Computers may work together in a group in many contexts. For example, two or more database servers executing on separate computers may work as a group in responding to requests to read from or write to a persistent storage mechanism, such as a database. Those in the art may refer to a certain group of computers working together as a logical unit as a “cluster.”
In a cluster of computers (or “nodes”), each node of the cluster may issue a request to write data (a “write request”) to a persistent storage mechanism. To ensure the accuracy of the data stored in the persistent storage mechanism, one or more nodes of the cluster may occasionally need to be prevented from performing write requests on the persistent storage mechanism. For example, when a network split occurs between portions of a cluster (the “split-brain problem”), a portion of the cluster may need to be prevented from performing write requests on the persistent storage mechanism to ensure one node does not write over changes made to the persistent storage mechanism by another node. Preventing a node from performing a write request on a persistent storage mechanism is called “fencing” the node.
Current approaches for performing fencing involve instructing the node(s) to be fenced to power down. Once the fenced node(s) have powered down, the other nodes of the cluster may continue with the assurance that the fenced node(s) will not issue any further write requests to the persistent storage mechanism.
To illustrate how fencing might be employed, assume that several nodes of a cluster (referred to as “the first cohort of nodes”) are located at a first location and the other nodes of the cluster (referred to as “the second cohort of nodes”) are located at a different location than the first location. Geographically separating the first cohort of nodes from the second cohort of nodes is advantageous because if a problem (such as a fire or a power outage) disrupts operation at the first location, then the second cohort of nodes (which is located at a different location than where the problem occurred) may continue to operate.
Each node of the cluster (i.e., each node in both the first cohort of nodes and the second cohort of nodes) may issue read requests and write requests to a persistent storage mechanism. To ensure the accuracy of the data within the persistent storage mechanism, only nodes of the cluster should be able to perform write requests on the persistent storage mechanism. However, there are occasions when one or more nodes of the cluster may become inoperable (for example, due to a network problem or an unexpected hardware problem occurring at a node), and therefore, may lose membership in the cluster. As a result, the node that lost membership in the cluster is instructed to power down. Once the node has powered down, the cluster may be assured that no further write requests, which if processed may corrupt the data stored in the persistent storage mechanism, will be issued by the node that lost membership to the cluster.

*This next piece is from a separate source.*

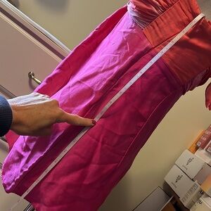 Caché brand orange and hot pink 100% silk halter top that features a padded bust area, a tie at the neck, side zipper, hook and eye, and a rhinestone piece at the center of the bust. The silk on this is fabulous, it feels beautiful and looks beautiful. This has been worn and is still in great shape, but you will notice some changes in color within the silk and that is the way that it was made. Those are not defects. there is a small mark about an inch from the bottom that I do show in the last picture. You may be able to get that out but I didn’t try. It is not noticeable when you’re wearing it at all. This is a stunning top, I wish this company was still in business, they make such lovely pieces. See photos for measurements. True to size small.
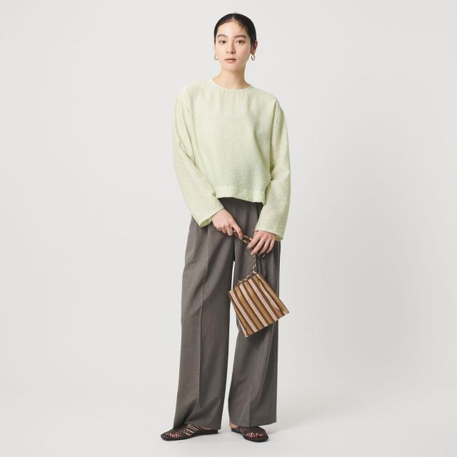 カーブパンツと合わせた、トレンド感のある春らしい装いもおすすめです。

As another example, if a network connection between the first cohort of nodes and the second cohort of nodes becomes inoperable, then it would be desirable to prevent either the first cohort of nodes or the second cohort of nodes from performing write requests on the persistent storage mechanism to avoid either the first cohort of nodes or the second cohort of nodes writing over changes made by the other. In such a case, one of the first cohort of nodes and the second cohort of nodes would be fenced by instructing that cohort to power down, (thereby preventing nodes of that cohort from performing write operations on the persistent storage mechanism), and the other cohort of nodes would be allowed to operate as normal.

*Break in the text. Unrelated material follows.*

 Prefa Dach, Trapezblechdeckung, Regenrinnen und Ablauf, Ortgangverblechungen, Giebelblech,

If a write request issued by a node is in transit over the network when the node is fenced, the write request may still be received by the persistent storage mechanism. In fact, the write request may be received after a point in time when the cluster considers it safe to resume normal operation. Consequently, the possibility exists that the data stored in the persistent storage mechanism may still become corrupted. Further, as the nodes of a cluster become more distant and separated, the likelihood of this scenario increases as write requests may spend a greater amount of time traversing the network from the sender to the persistent storage mechanism. Also, a malicious node might not power down when instructed to do so, and as a result, the node may continue to issue write requests to the persistent storage mechanism.
Current approaches for performing fencing operations also having difficulty scaling to support large clusters. In a typical enterprise system, many applications executing on different nodes need to collaborate with their peers on other nodes of the cluster. Depending on the nature of the collaboration, an application may need to either interact with all nodes of the cluster or just a subset of the nodes of the cluster. As a result, the interaction between each node of the cluster based on the needs of the application executing on a node of the cluster must be managed, either by each application itself or a centralized entity for the cluster. Managing this interaction requires an undesirable amount of resources.
Thus, an improved mechanism for performing fencing is desirable.